[[ PROVIDED ENTRIES open ]]

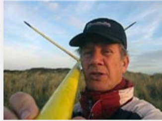
video 3: 1 min 49 sec
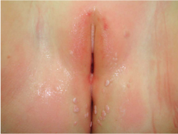
SLIKA 2. CONDYLOMATA ACUMINATA ANOGENITALNE REGIJE U ČETVEROGODIŠNJE DJEVOJČICE

FIGURE 2. ANOGENITAL CONDYLOMATA ACUMINATA IN A 4 YEAR OLD GIRL
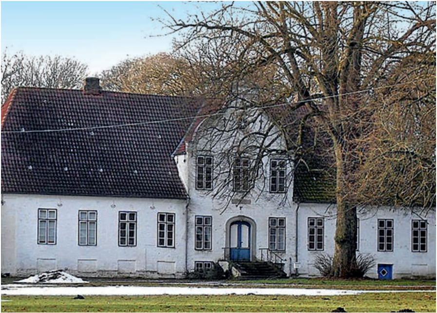
Das Herrenhaus des Guts Lütchenhorn.
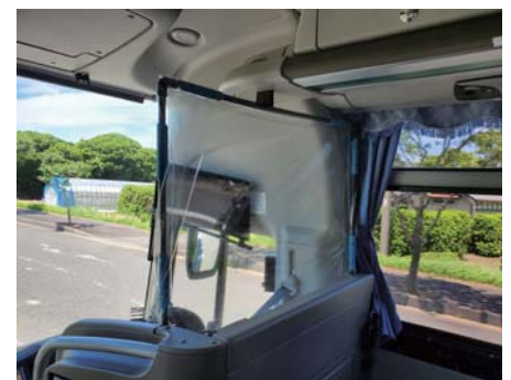
飛沫感染防止スクリーン
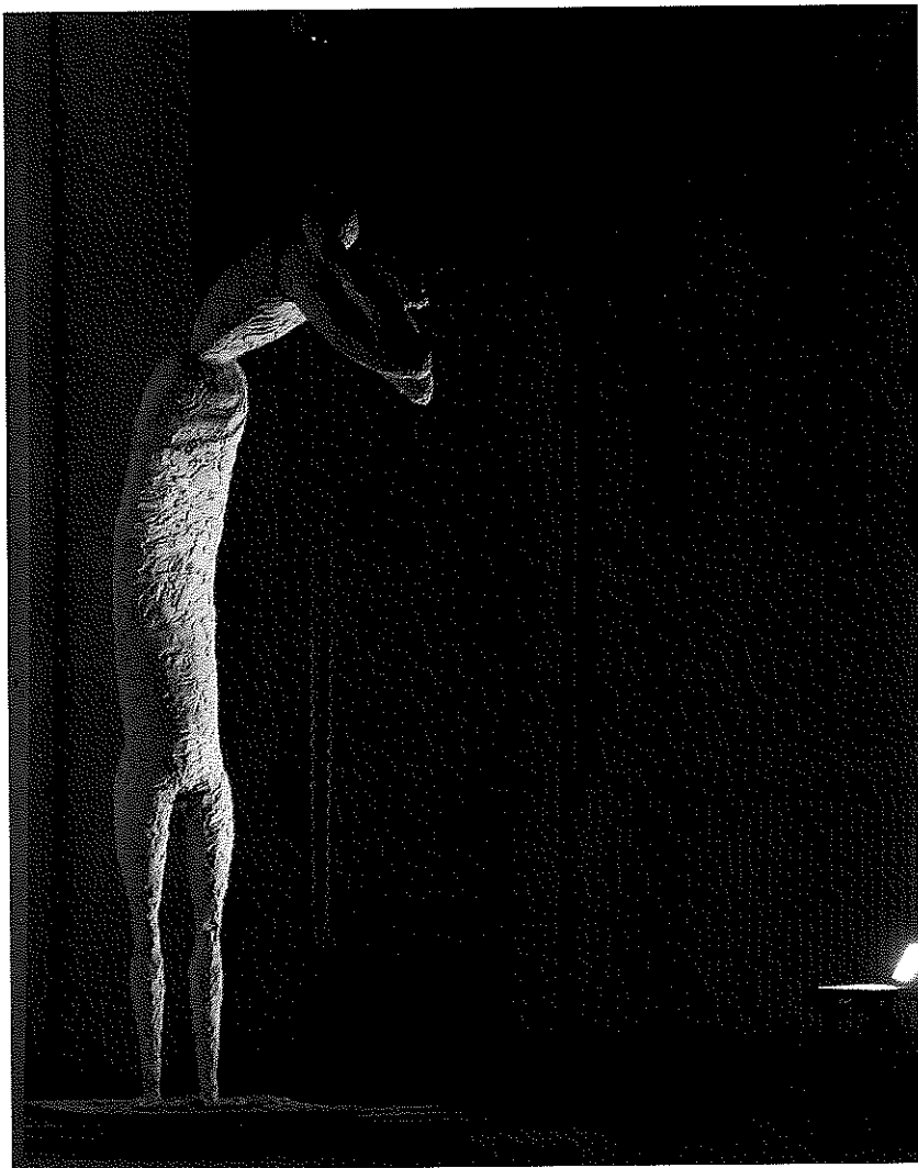
Johan Tahon, „Esso visioen”, 1995, gips en metaal, 406 x 90 x 150 cm. Verzameling Ministerie van de Vlaamse Gemeenschap, Brussel.

dat de vrij compacte beeldjes die hij toen maakte in wezen weinig verschillen met de opener en monumentalere sculpturen die hij de laatste jaren creëert. Eenzelfde zoeken ligt eraan ten grondslag. „Het is de existentiële vraag die in mijn beelden vorm heeft gekregen. Ik gebruik het woord existentieel niet graag, maar ik weet niet hoe ik het anders moet uitdrukken. Mijn sculpturen zijn een spiegelbeeld, als ik erover spreek is het alsof ik over mezelf praat. Het gaat over de twijfels en de angsten die diep in mezelf knagen. Tegelijk hebben de beelden ook iets universeel omdat ze oervragen uitdrukken waar, denk ik, ieder mens mee worstelt.”

[[ PROVIDED ENTRIES closed ]]

*THE TASK*
Once you have returned the line containing "Johan Tahon, „Esso", stop; begin at the first line of the material, keep each line exact, and skip the pictures.

*SOLVED PROBLEM*
video 3: 1 min 49 sec
SLIKA 2. CONDYLOMATA ACUMINATA ANOGENITALNE REGIJE U ČETVEROGODIŠNJE DJEVOJČICE

FIGURE 2. ANOGENITAL CONDYLOMATA ACUMINATA IN A 4 YEAR OLD GIRL
Das Herrenhaus des Guts Lütchenhorn.
飛沫感染防止スクリーン
Johan Tahon, „Esso visioen”, 1995, gips en metaal, 406 x 90 x 150 cm. Verzameling Ministerie van de Vlaamse Gemeenschap, Brussel.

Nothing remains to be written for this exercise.